[INPUT DATA]
◆ ◆ ◆ ◆
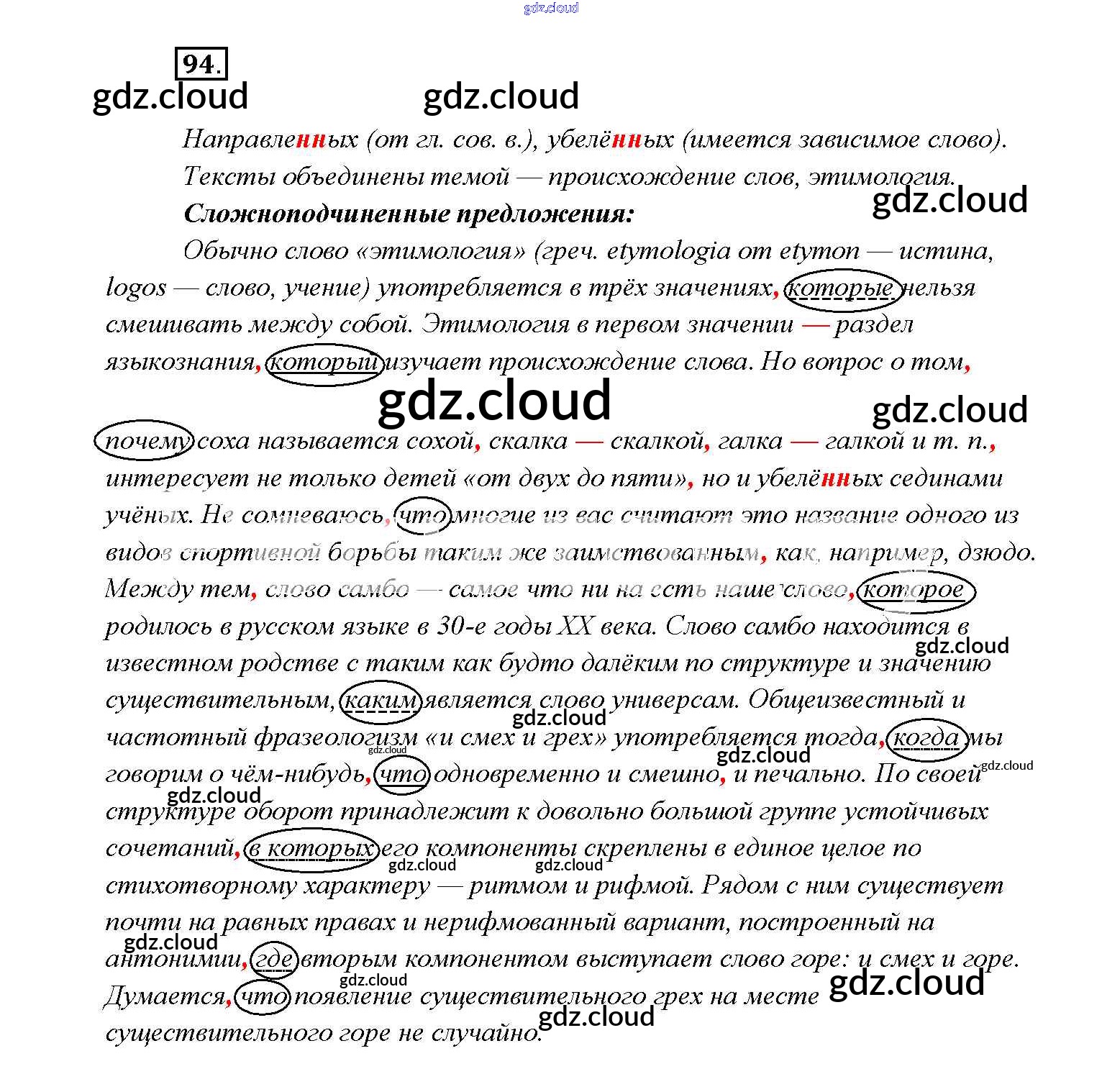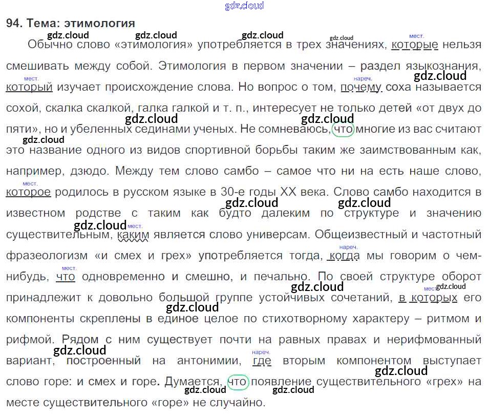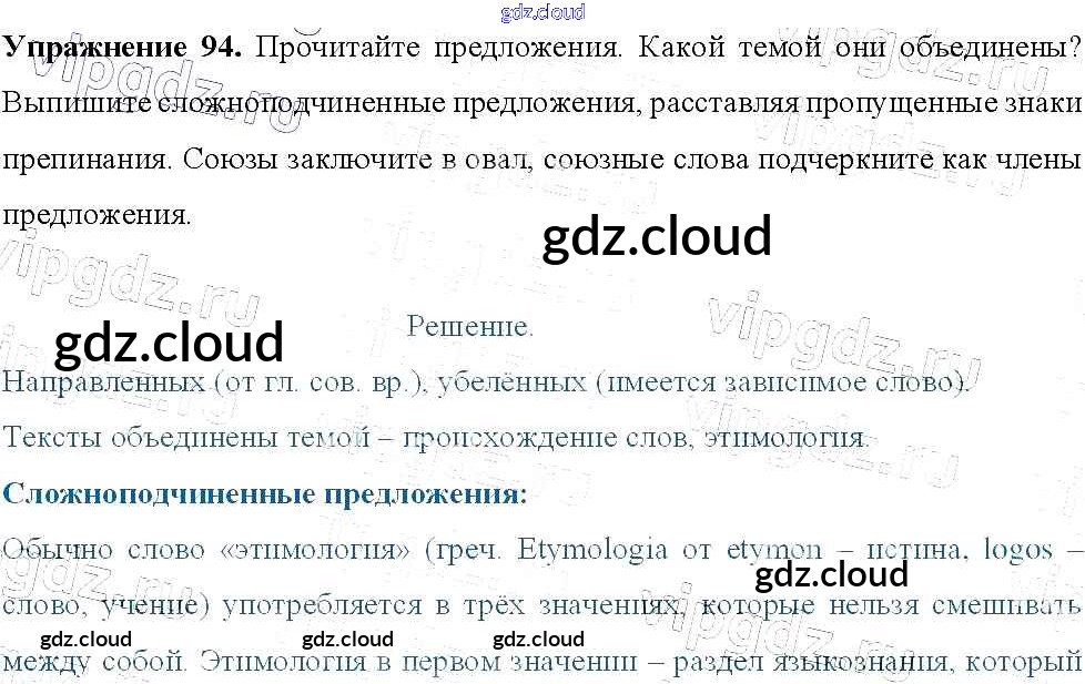 Ответ на задание 94 Учебник Русский язык за 9 (девятый) класс Тростенцова, Ладыженская, Дейкина, Александрова 2014
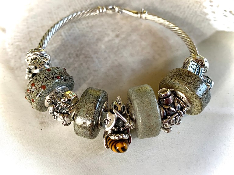 The bangle I made has ofcourse more honey and bee related beads. OHM made a cute Bee collection in the past. Here are Buttercup, two Hipster Hops, Thank You, two Hive Mind, Big Fat Killer Bee, Expand, Grow and Live Free.
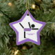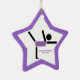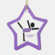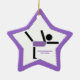 Gymnastics gifts, gymnastics performer ceramic ornament in star shape showcasing a minimalist black icon of a gymnast wearing a purple leotard with a purple border around.
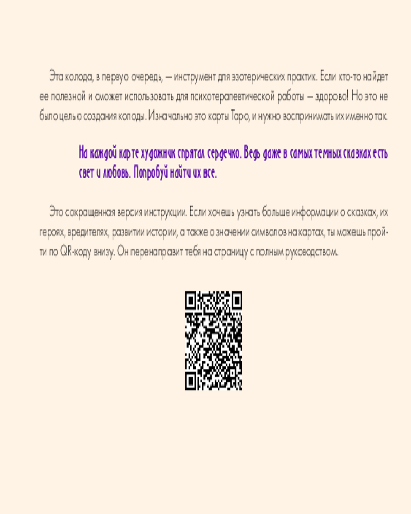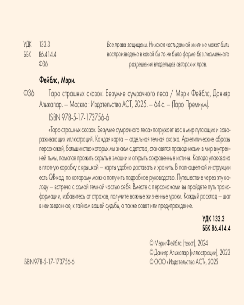 Серия: Таро премиум «Таро страшных сказок. Безумие сумрачного леса» — врата в мир безумных видений и таинственных сил, скрытых за гранью обыденного. Все карты здесь — отражение теней, оживших в дремучем лесу, где логика уступает место интуиции и безумию. Это колода, которая предлагает заглянуть на другую сторону реальности, где ответы надо искать в тенях. Каждая карта — отдельная темная сказка, ведущая к глубокому древнему знанию, скрытому внутри каждого из нас. Образы знакомых с детства персонажей становятся проводниками в мир внутренней тьмы, помогая прожить скрытые эмоции и открыть сокровенные истины. Колода идеально подойдет тем, кто готов к глубокому погружению в мир Судьбы через призму мрачных сказок и загадочных символов. Она для тех, кто не боится заглянуть в тени, встретиться с неведомым и получить важные инсайты. |
◆ ◆ ◆ ◆
Lines from the one with "The bangle I" through the final line of the listing above: copy them exactly, both ends included, and omit every picture.

 The bangle I made has ofcourse more honey and bee related beads. OHM made a cute Bee collection in the past. Here are Buttercup, two Hipster Hops, Thank You, two Hive Mind, Big Fat Killer Bee, Expand, Grow and Live Free.
 Gymnastics gifts, gymnastics performer ceramic ornament in star shape showcasing a minimalist black icon of a gymnast wearing a purple leotard with a purple border around.
 Серия: Таро премиум «Таро страшных сказок. Безумие сумрачного леса» — врата в мир безумных видений и таинственных сил, скрытых за гранью обыденного. Все карты здесь — отражение теней, оживших в дремучем лесу, где логика уступает место интуиции и безумию. Это колода, которая предлагает заглянуть на другую сторону реальности, где ответы надо искать в тенях. Каждая карта — отдельная темная сказка, ведущая к глубокому древнему знанию, скрытому внутри каждого из нас. Образы знакомых с детства персонажей становятся проводниками в мир внутренней тьмы, помогая прожить скрытые эмоции и открыть сокровенные истины. Колода идеально подойдет тем, кто готов к глубокому погружению в мир Судьбы через призму мрачных сказок и загадочных символов. Она для тех, кто не боится заглянуть в тени, встретиться с неведомым и получить важные инсайты. |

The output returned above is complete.